Retrospective cohort study.

METHODS

In this study, FEVR families and sporadic cases were diagnosed at the Eye and ENT Hospital, Fudan University, between 2017 and 2023. All patients attended routine ophthalmologic examinations and genetic screenings. The classification of FH was determined using optical coherence tomography (OCT) scans. The FH condition was classified into 2 subgroups: group A (FH being limited to the inner layers) and group B (FH affecting the outer layers). A total of 102 eyes from 58 patients were suitable for analysis.

RESULTS

Forty-nine mutations in LRP5, FZD4, NDP, TSPAN12, KIF11, CTNNB1, and ZNF408 were examined and detected, with 26 of them being novel. Forty-seven eyes (46.1%) revealed FH. The majority (53.2%) were due to the typical grade 1 FH. Patients with mutations in LRP5 and KIF11 were found to exhibit a higher prevalence of FH (P = .0088). Group B displayed the lowest visual acuity compared with group A (P = .048) and the group without FH (P < .001).
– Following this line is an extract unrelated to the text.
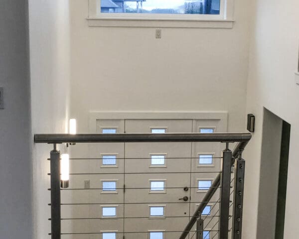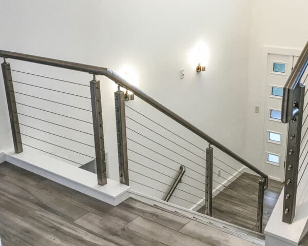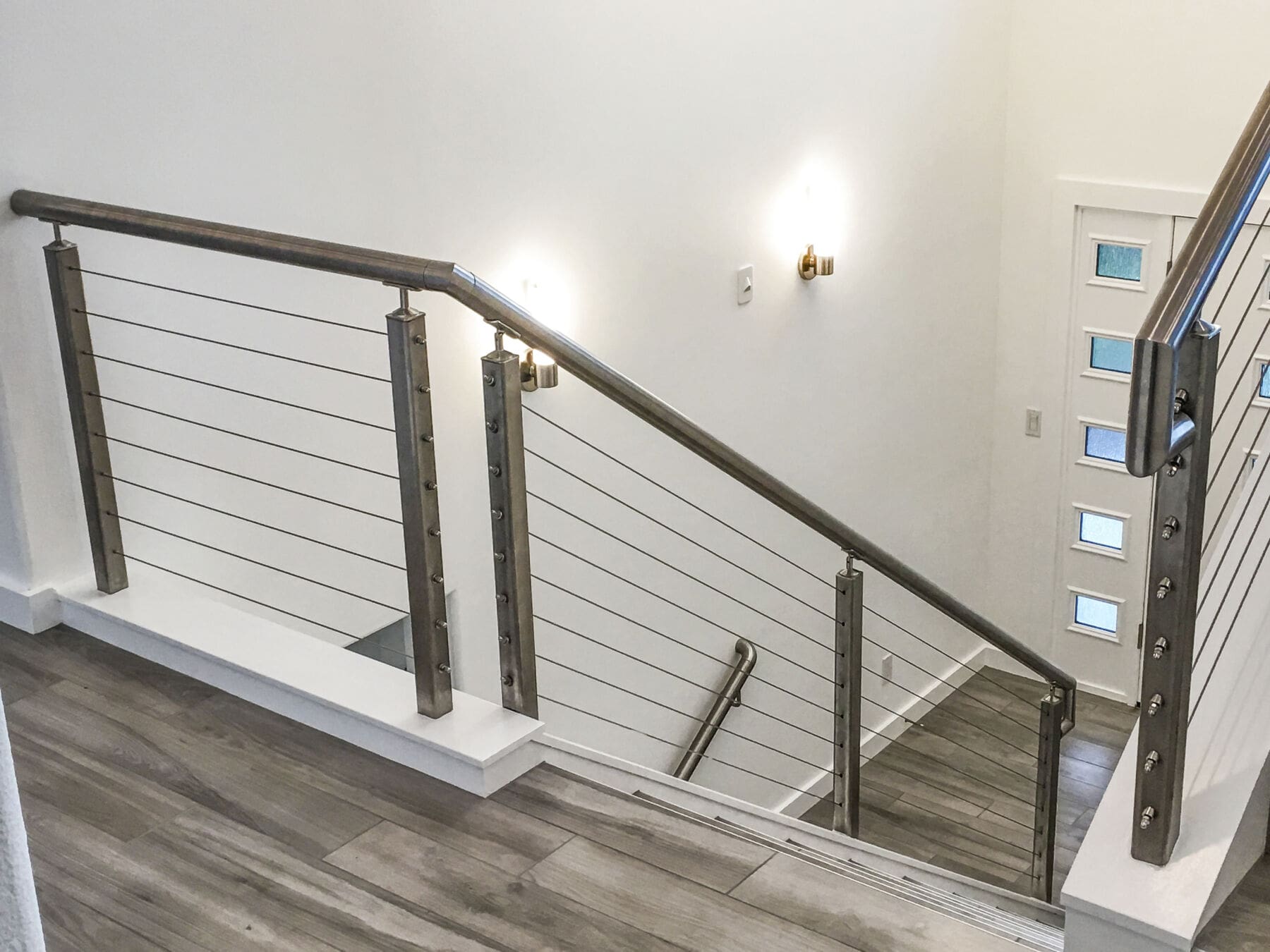 Combining the industrial look of our more angular stainless square posts with the smooth pipe-shape of our stainless round top rail, these entry and living room staircases offer a bold look and maintain a sense of flow and connectivity between the different areas of the house.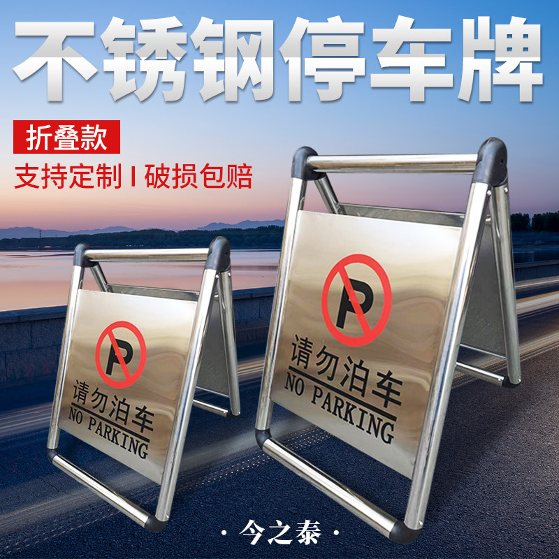 不锈钢停车牌车位请勿泊车告A字牌禁止警示牌专用车位停车桩 订制

The retinal arteriolar angle in group B was significantly smaller than in group A (P = .001) and those without FH (P < .001).

CONCLUSIONS

This study offers a new diagnostic approach and expands the spectrum of FEVR mutations. LRP5 and KIF11 were found to be more susceptible to causing FH in patients with FEVR. FEVR eyes with FH exhibited both greater visual impairment and reduced retinal arteriolar angles. The assessment of foveal status in patients with FEVR should be valued.